Kurt A. Smemo1, Christopher B. Blackwood2, David J. Burke1, and Mark W. Kershner2. (1) The Holden Arboretum, (2) Kent State University
Background/Question/Methods Litter decomposition, belowground C cycling, and nutrient turnover in temperate forests is partially controlled by the microbial production of extracellular enzymes. Thus, it is reasonable to expect patterns of microbial community functional group composition and structure to be related to patterns of soil enzyme activity. We are just beginning to understand the diversity of soil microbial communities, but the difficulty in linking microbial identity to ecosystem function may be further exacerbated by poorly understood seasonal and spatial variability of soil enzyme pools and activities. We suggest such variability arises due to factors regulating enzyme production and turnover.
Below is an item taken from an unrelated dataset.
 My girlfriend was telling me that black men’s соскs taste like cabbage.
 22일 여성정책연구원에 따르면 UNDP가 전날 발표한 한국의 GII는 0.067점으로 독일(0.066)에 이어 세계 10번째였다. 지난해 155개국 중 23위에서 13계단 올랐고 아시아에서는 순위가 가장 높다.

We will present data for patterns of soil enzyme activity, and attempt to link those patterns with microbial community composition data, for two hardwood forests in NE Ohio. Temporal trends from one forest encompass monthly measurements for an entire year, while spatial patterns from the other are derived from 125 soil samples from a landscape-scale meta-community analysis in a spatially complex hardwood forest ecosystem. We measured the potential activity of 8 extra-cellular enzymes using colorimetric and flourometric techniques, and will estimate soil fungal and bacterial composition using DNA-based techniques (T-RFLP and sequencing).
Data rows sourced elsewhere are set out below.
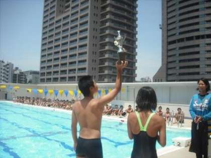 競技が始まると、全力で泳ぐ生徒、仲間を応援する生徒、係りの活動をする生徒が一体となって水泳大会を盛り上げます。
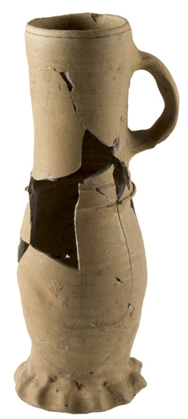 | 4b | lage slanke bekervormige kan met kraag op halsaanzet en rechte rand, op standring |
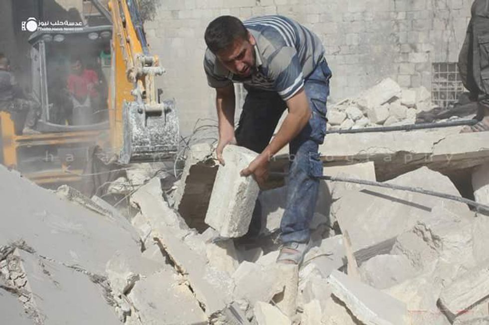 A barrel bomb landed on a house in the Jalloum quarter of Aleppo’s old city, destroying the house and killing seven members of one family — including all four children. Pictured below, is the father trying to dig up his children from the rubble.

Results/Conclusions In one forest, we found that mean annual enzyme activities generally declined with depth, with highest activities in the forest floor compared to mineral soil (with the exception of the oxidative enzyme peroxidase). Mineral soil activities did not vary across season or month, but forest floor activity was highest in winter months when soil temperature is low and snow cover is common. Fungal community profiles associated with these samples are currently underway. In another forest, we found that the spatial variability in enzyme activities is only partially explained by ecosystem type, and the highest levels of oxidative enzyme activity were associated with seasonally anaerobic wet soils. Soil microbial community analyses are on-going for this site as well. Our results thus far imply that high winter enzyme pools are associated with higher microbial activity than previously thought or enzymes that are highly conserved and stabilized in the forest floor during periods of low microbial activity. If the latter is true, then measurements of potential enzyme activity might not be a good metric of microbial community dynamics at a given point in time, but a spatially or temporally integrated tool for estimating potential process rates or microbial resource demand.